======== SUPPLIED INFORMATION
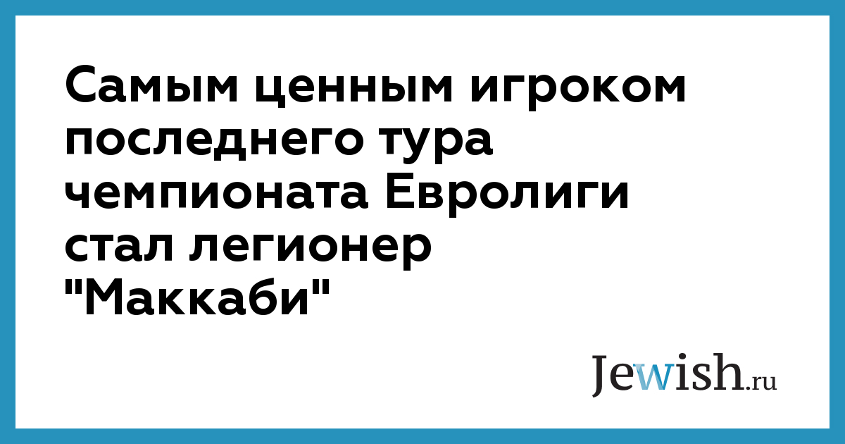 Самым ценным игроком последнего тура чемпионата Евролиги стал легионер "Маккаби"
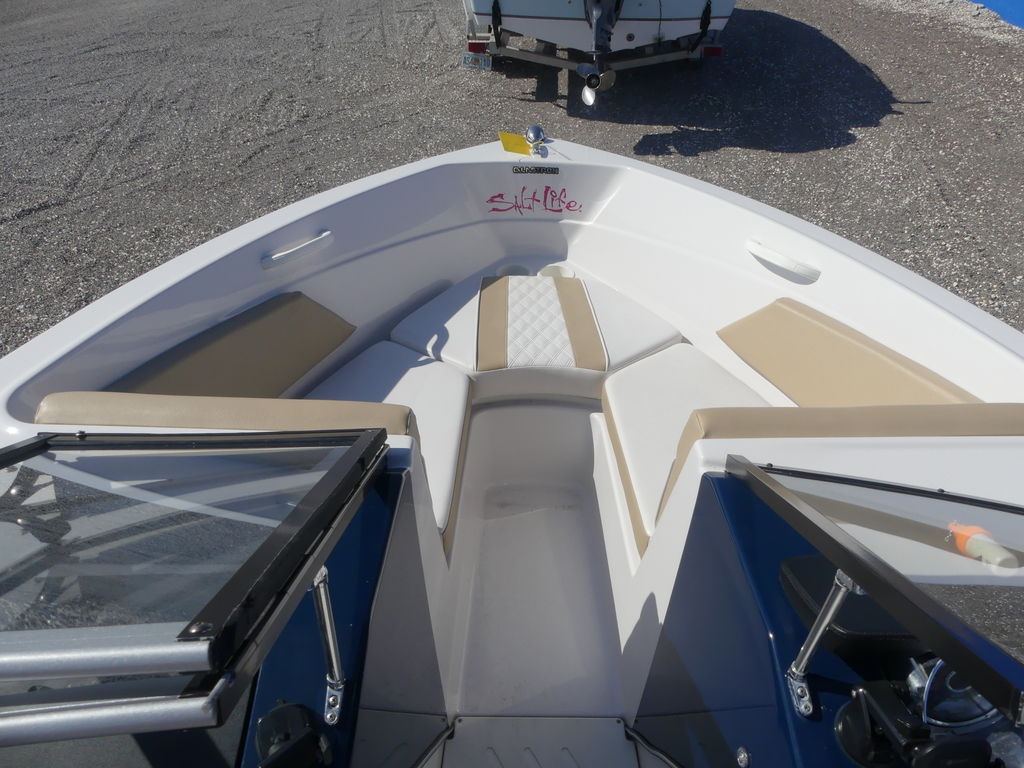 The spacious cockpit layout features wrap-around seating with plush cushions, roomy storage compartments, and thoughtful design elements that keep gear and personal items secure and accessible. The walkthrough windshield adds convenience, opening up easy access from the helm to the bow seating area. Comfortable seating for family and guests ensures every trip is enjoyable, whether you’re heading out for a quick spin or spending the whole day on the water.
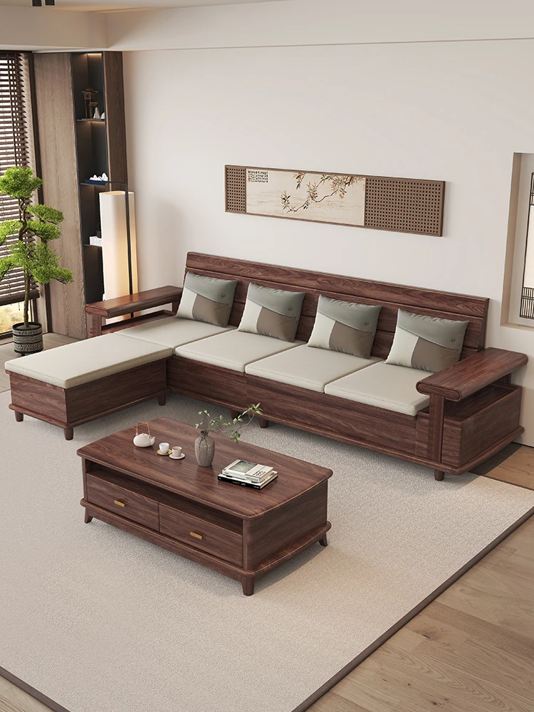 Solid Black Walnut Wood Sofa Set with Storage - Versatile Chaise Lounge for Small Spaces, Ideal for Both Winter and Summer, Modern Chinese Furniture for Your Living Room
================
ACTION ITEM: In the listing, find the line containing "The spacious cockpit" and repeat it and every later line through the last one, word for word, excluding the pictures.

OUTPUT FOR THIS EXERCISE:
 The spacious cockpit layout features wrap-around seating with plush cushions, roomy storage compartments, and thoughtful design elements that keep gear and personal items secure and accessible. The walkthrough windshield adds convenience, opening up easy access from the helm to the bow seating area. Comfortable seating for family and guests ensures every trip is enjoyable, whether you’re heading out for a quick spin or spending the whole day on the water.
 Solid Black Walnut Wood Sofa Set with Storage - Versatile Chaise Lounge for Small Spaces, Ideal for Both Winter and Summer, Modern Chinese Furniture for Your Living Room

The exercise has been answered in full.